ASSIGNMENT:
Repeat only the lines below that run from the line with "请记住,Armitage 在后台使用 Metasploit;因此,为了使用" to the line with "Tuesday 30th September", ends included; skip every picture.

DATA PROVIDED:
####################

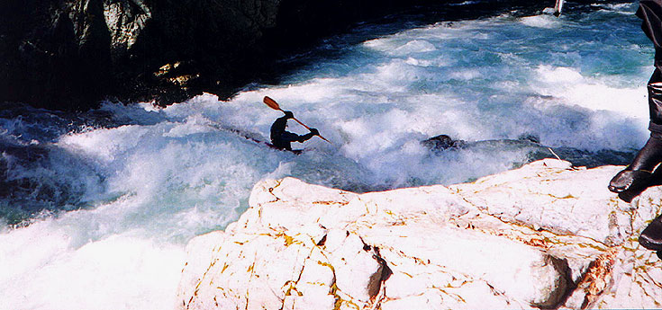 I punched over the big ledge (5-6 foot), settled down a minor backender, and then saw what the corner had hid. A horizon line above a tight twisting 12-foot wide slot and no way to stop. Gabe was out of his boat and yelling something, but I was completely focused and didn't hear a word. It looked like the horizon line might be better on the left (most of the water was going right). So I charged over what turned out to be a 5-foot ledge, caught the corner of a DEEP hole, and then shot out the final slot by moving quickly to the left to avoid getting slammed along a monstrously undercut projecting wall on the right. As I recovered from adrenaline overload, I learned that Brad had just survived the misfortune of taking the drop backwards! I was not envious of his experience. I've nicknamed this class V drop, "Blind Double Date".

####################

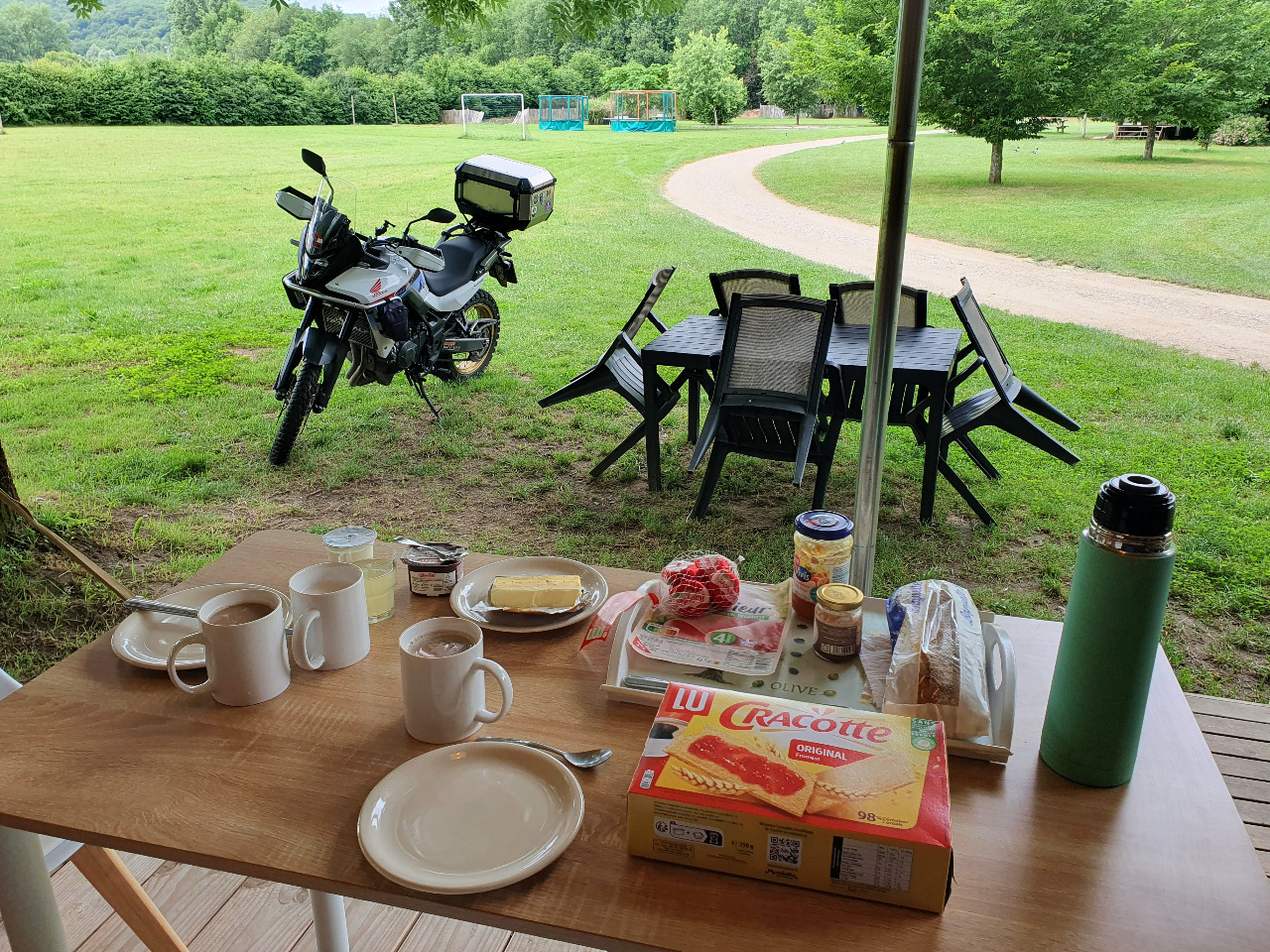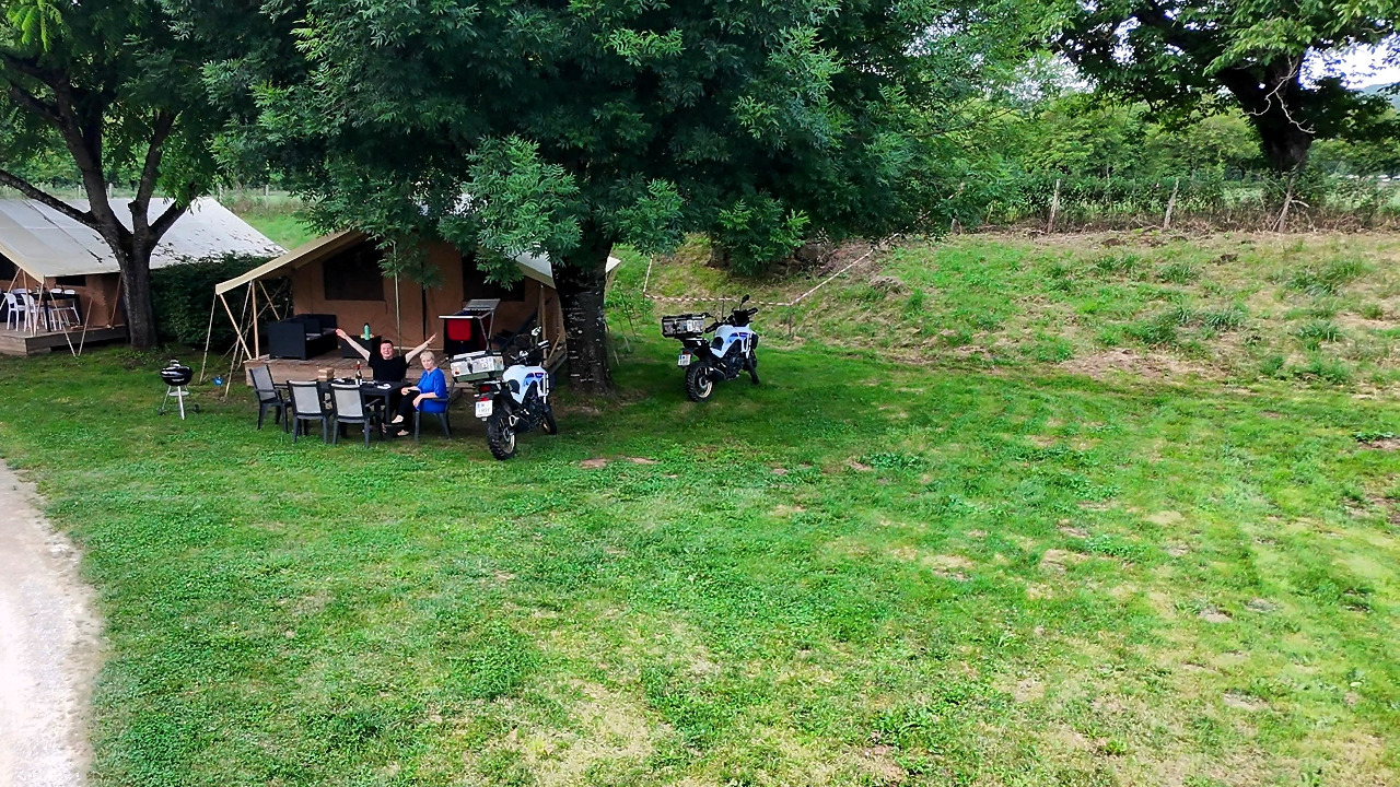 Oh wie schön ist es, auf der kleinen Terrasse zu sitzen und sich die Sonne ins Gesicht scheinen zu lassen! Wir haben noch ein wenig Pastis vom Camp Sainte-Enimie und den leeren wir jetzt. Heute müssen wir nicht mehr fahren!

####################

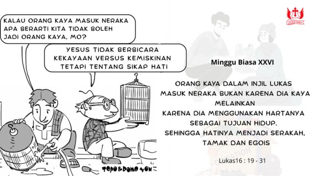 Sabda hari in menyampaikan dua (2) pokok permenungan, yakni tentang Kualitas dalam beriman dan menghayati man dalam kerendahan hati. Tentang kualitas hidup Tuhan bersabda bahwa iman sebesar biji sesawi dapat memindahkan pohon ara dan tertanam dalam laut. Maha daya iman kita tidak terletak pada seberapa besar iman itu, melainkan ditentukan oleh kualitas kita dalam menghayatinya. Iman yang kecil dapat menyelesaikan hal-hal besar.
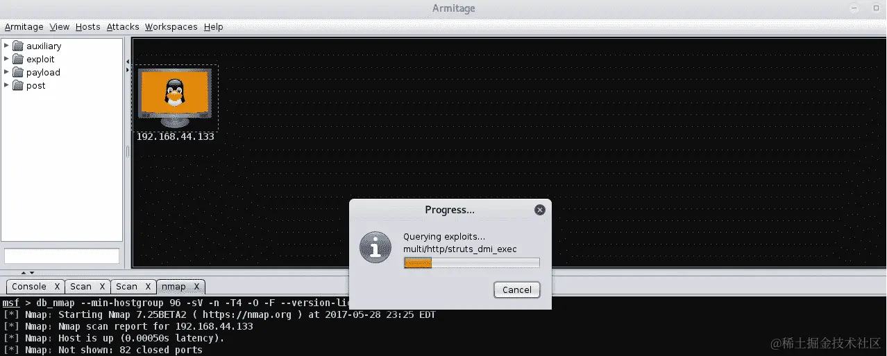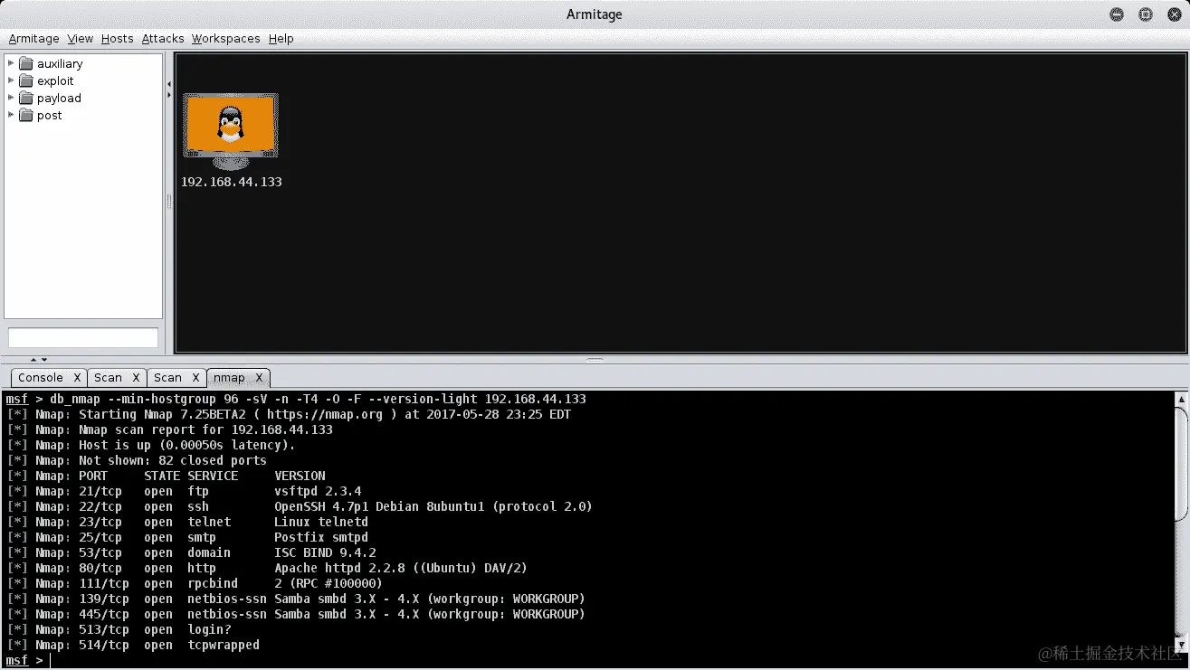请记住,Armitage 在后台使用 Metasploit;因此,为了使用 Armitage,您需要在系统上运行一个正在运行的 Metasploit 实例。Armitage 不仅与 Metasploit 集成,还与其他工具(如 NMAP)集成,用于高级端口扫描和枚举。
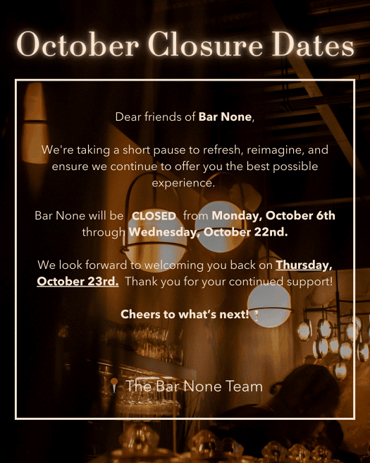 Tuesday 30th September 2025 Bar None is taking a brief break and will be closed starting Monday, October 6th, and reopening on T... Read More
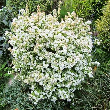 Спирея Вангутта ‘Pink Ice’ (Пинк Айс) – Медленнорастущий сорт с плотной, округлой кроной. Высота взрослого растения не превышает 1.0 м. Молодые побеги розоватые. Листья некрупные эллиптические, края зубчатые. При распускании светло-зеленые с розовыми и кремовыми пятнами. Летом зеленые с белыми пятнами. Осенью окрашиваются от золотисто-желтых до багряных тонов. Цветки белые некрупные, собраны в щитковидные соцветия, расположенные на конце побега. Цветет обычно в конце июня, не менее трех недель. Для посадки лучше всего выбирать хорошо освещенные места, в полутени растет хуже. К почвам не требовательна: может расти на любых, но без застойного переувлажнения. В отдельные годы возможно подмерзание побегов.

####################

SOLUTION FOR THIS TASK:
请记住,Armitage 在后台使用 Metasploit;因此,为了使用 Armitage,您需要在系统上运行一个正在运行的 Metasploit 实例。Armitage 不仅与 Metasploit 集成,还与其他工具(如 NMAP)集成,用于高级端口扫描和枚举。
 Tuesday 30th September 2025 Bar None is taking a brief break and will be closed starting Monday, October 6th, and reopening on T... Read More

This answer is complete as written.